# Assessment of men: selection of personnel for the Office of Strategic Services-



## sean m (31 Oct 2011)

Hello,

This piece of literature, "Assessment of men: selection of personnel for the Office of Strategic Services", has been suggested by experienced individuals to read if someone is interested in becoming a case officer in the CIA. Of course CSIS is not, as far as we know, as aggressive abroad as the CIA.  Would anyone here believe that this book could be useful, maybe help to gain an upper hand, in CSIS intelligence officer selection. I have contacted CSIS about student employment as a university student, yet I have not asked them about this.
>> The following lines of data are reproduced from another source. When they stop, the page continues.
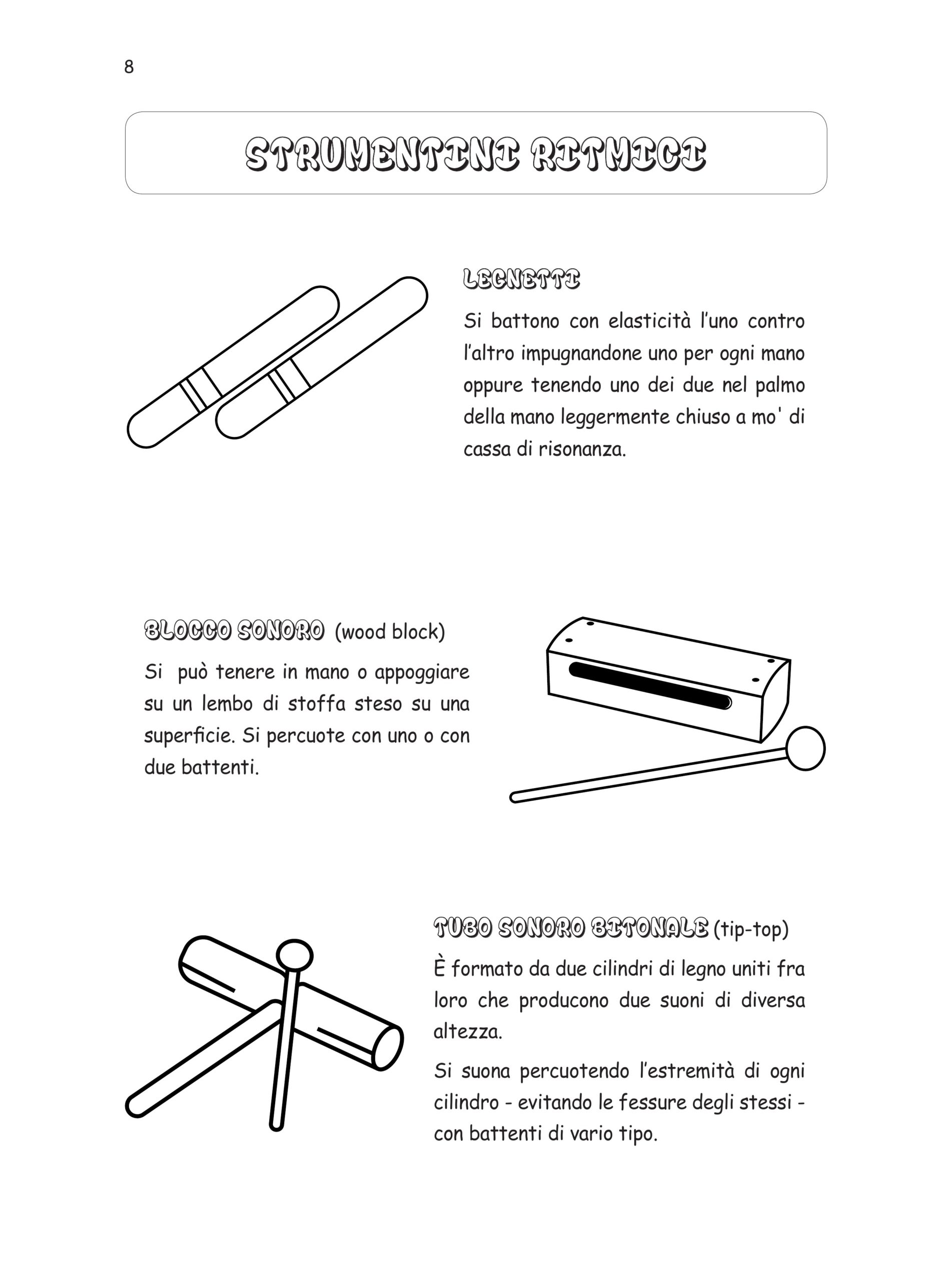 Il volume comprende anche utili pagine dedicate alla descrizione e all’uso di strumenti ritmici, divertenti “penitenze” e il
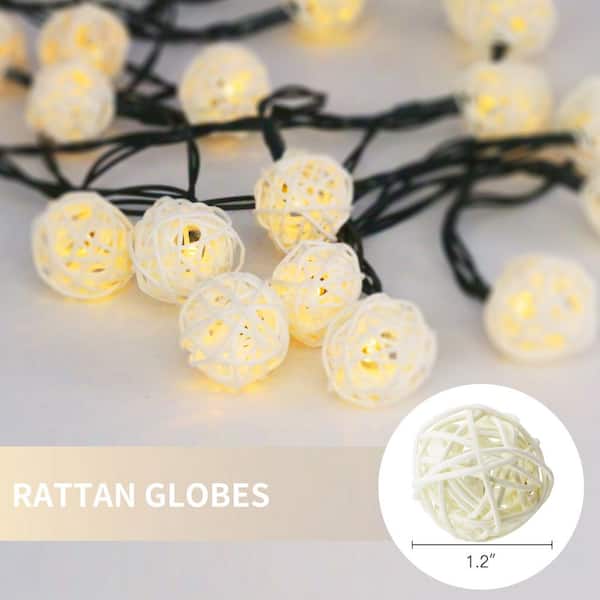 15 ft. 30 LED Warm White Globe Rattan Ball String Lights Solar Rattan Ball Fairy String Light
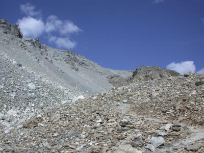 den ganzen Pass bedeckt hat. Die ganze Stein-Landschaft ist Zeuge des Gletschers der
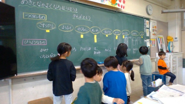 天瀬の森で見つけた秋や先生が山で集めたものを使って、どんな遊びができるか考えました。

What do the gentlemen and ladies here think about this book, do you think it could help.

Thank you,

Sean M


----------



## cupper (31 Oct 2011)

sean m said:
			
		

> Hello,
> 
> This piece of literature, "Assessment of men: selection of personnel for the Office of Strategic Services", has been suggested by experienced individuals to read if someone is interested in becoming a case officer in the CIA. Of course CSIS is not, as far as we know, as aggressive abroad as the CIA.  Would anyone here believe that this book could be useful, maybe help to gain an upper hand, in CSIS intelligence officer selection. I have contacted CSIS about student employment as a university student, yet I have not asked them about this. What do the gentlemen and ladies here think about this book, do you think it could help.
> 
> ...



Ummm.... Last I checked, this was a Canadian military oriented site, not CSIS oriented. Two completely different organizations, with completely different mandates.


----------



## Retired AF Guy (1 Nov 2011)

I would point out that the OSS was a World War II spy organization that was the forerunner of the CIA. The activities the OSS engaged in were a lot different from anything that the CIA or any other modern intelligence agency engages in, so I'm not sure if the book would be still valid.  

This  link gives an overview of the assessment/selection process of potential OSS candidates. 

If you want to read a very funny account of one persons experincies, including the selection process and training, in the OSS, I highly recommend " You're Stepping on My Cloak and Dagger " by Roger Hall 

Just my 2 cents.


----------